- [About this task]:
Only the text belongs in the copy: retype each record exactly as it appears.

- [Exercise materials]:
<<<<
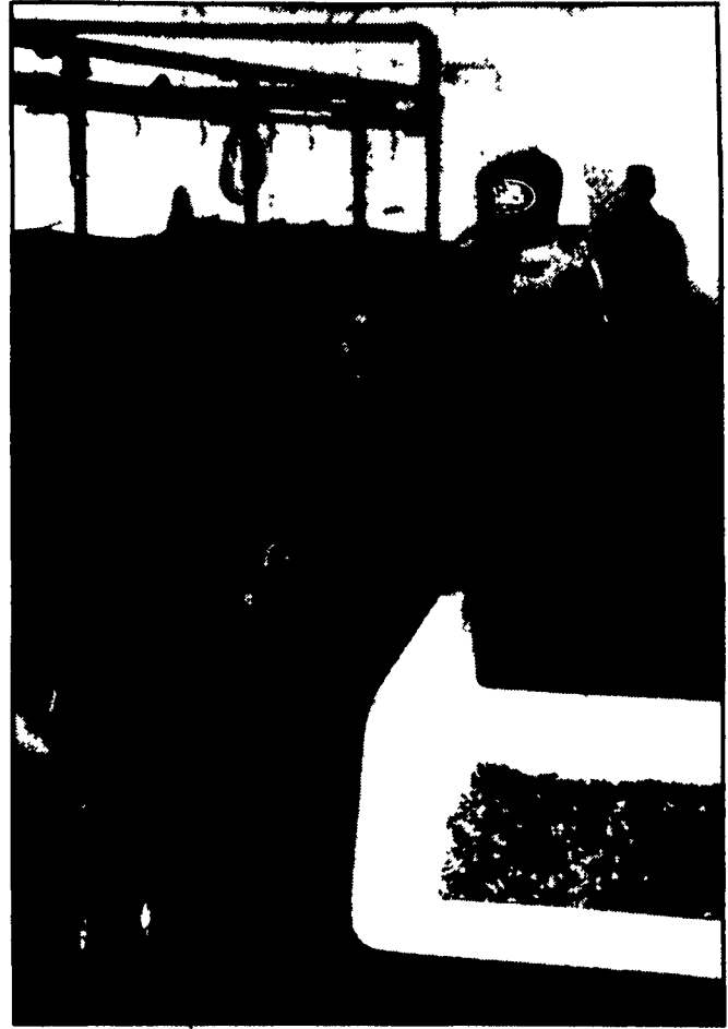
Steve Snyder feeds the high producers a PFR 18% top dress.

Top producers receive a Maximum Density PFR 18% Top Dress. Each high producer receives 6-7 lb. per day and this PFR ration is adjusted to keep intake and production at a maximum level.
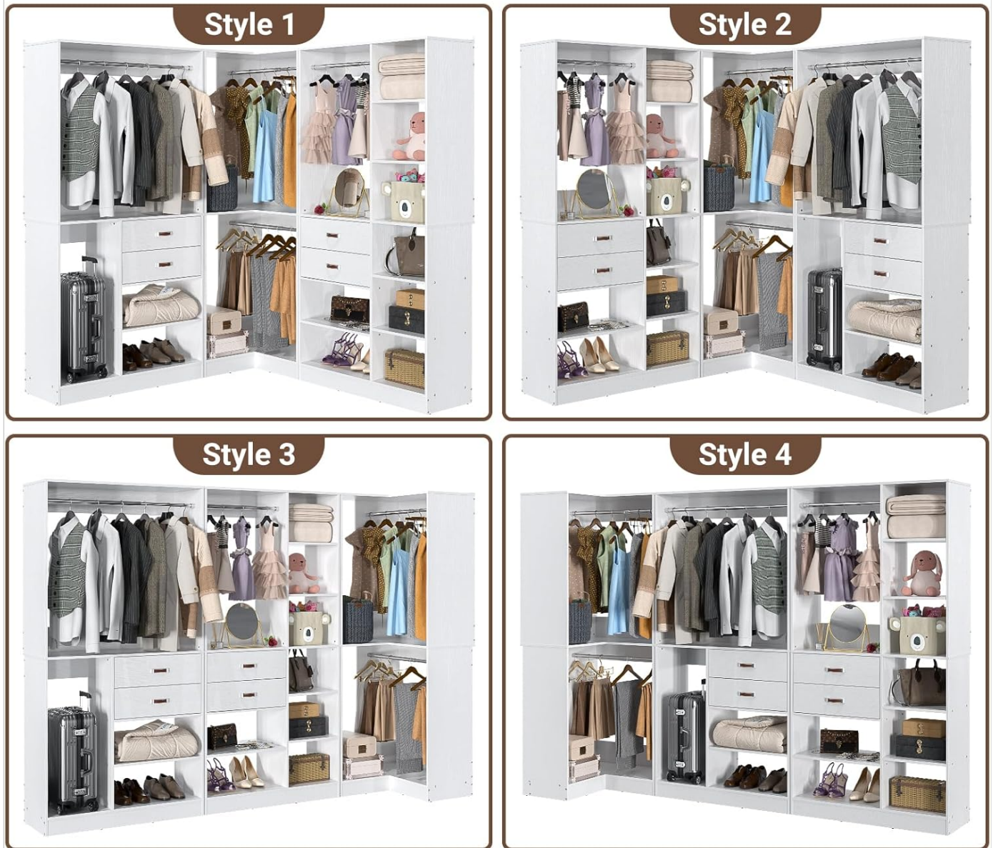
Figure 2: Various installation methods, illustrating how the modular units can be arranged.

Can be set up as a one multifunctional wardrobe or as 3 separate closet system
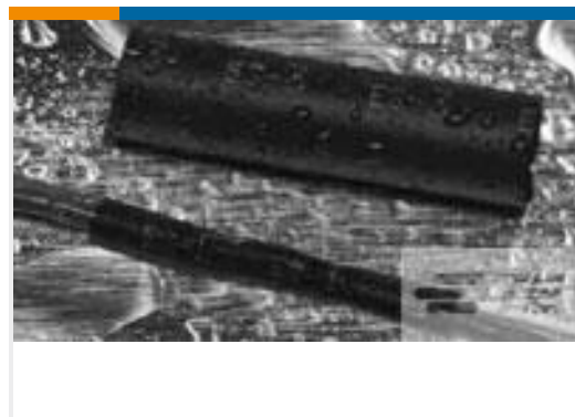
TE Part #121397P024 ES2000-NO.3-B8-0-STK
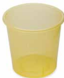
Medicine Cup 2 oz. 60cc Yellow
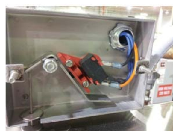
Showing "float" switch that controls fill water & heater

To operate, turn on the breaker for main power and turn the dishmachine master switch to the "ON" position.
>>>>
- [Your solution]:
Steve Snyder feeds the high producers a PFR 18% top dress.

Top producers receive a Maximum Density PFR 18% Top Dress. Each high producer receives 6-7 lb. per day and this PFR ration is adjusted to keep intake and production at a maximum level.
Figure 2: Various installation methods, illustrating how the modular units can be arranged.

Can be set up as a one multifunctional wardrobe or as 3 separate closet system
TE Part #121397P024 ES2000-NO.3-B8-0-STK
Medicine Cup 2 oz. 60cc Yellow
Showing "float" switch that controls fill water & heater

To operate, turn on the breaker for main power and turn the dishmachine master switch to the "ON" position.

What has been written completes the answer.